For about 45 of the past 50 years Americans have been conditioned to believe that it is possible to give away a certain amount of money “tax free” every year to anyone they wish. It is commonly thought that any gift above this certain amount is taxed, and, therefore, to be avoided. All of this has added up to an impression that it is advisable to give away up to $14,000 per family member, $28,000 if given by a married couple, in order to avoid the dreaded “Estate Tax Consequences” of dying. This, combined with the natural urge to help the next generation and hand down the things with the most valuable to us, has created an impression among seniors that the day will come when it is time to start passing things along. What people do not realize is that in today’s senior care environment, this is a trap for unwary!

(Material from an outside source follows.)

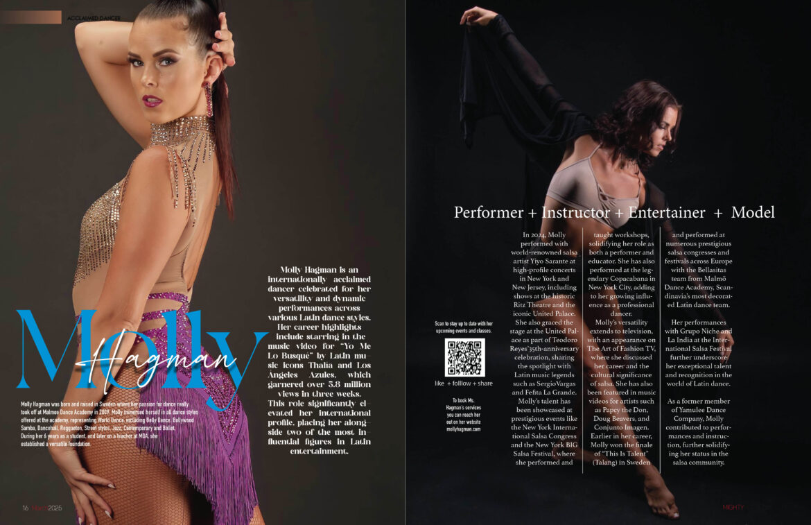 Molly’s versatility extends to television, with an appearance on The Art of Fashion TV, where she discussed her career and the cultural significance of salsa. She has also been featured in music videos for artists such as Papcy the Don, Doug Beavers, and Conjunto Imagen.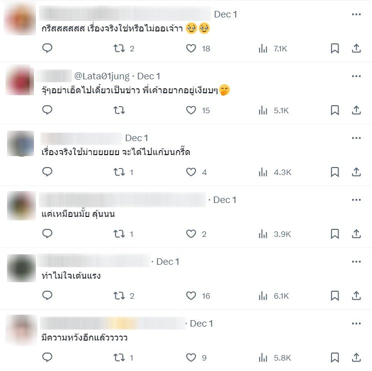 มีความหวังอีกแล๊ววววว, กรีสสสสสส เรื่องจริงใช่หรือไม่ออเจ้าา, แค่เหมือนมั้ย ลุ้นนน, ขอให้เป็นจริง แอบลุ้นอยู่, ก็ว่าลงรูปแปลกๆ จะบังเอิญไปไหม, ดีใจรอเลยค่ะ เชียร์ทั้งคู่มากๆๆๆๆ ศีลเสมอกัน รอวันที่ฝันเป็นจริงค่ะ

Many people are shocked to learn that any gift made to a family member during the five year period preceding an application for nursing home benefits under the Medicaid program will be presumed to be a gift made to qualify for Medicaid and result in a penalty. This rule has NOTHING to do with the tax laws. In 2014 Texas, this means that for every $156.34 that is given to family during the five years before a nursing home admission, the family will have to find a way to pay for care for a day of penalty even though the patient may be poor and unable to pay. A gift of $14,000 translates to at least 90 days of eligibility penalty. This penalty applies to all transfers, not just money.
In today’s evolving senior care environment, where people live longer and linger, the old ways of understanding wealth transfer must change. What was once the good “tax planning” practice of handing things down may very well cause more headaches than solutions for the entire family.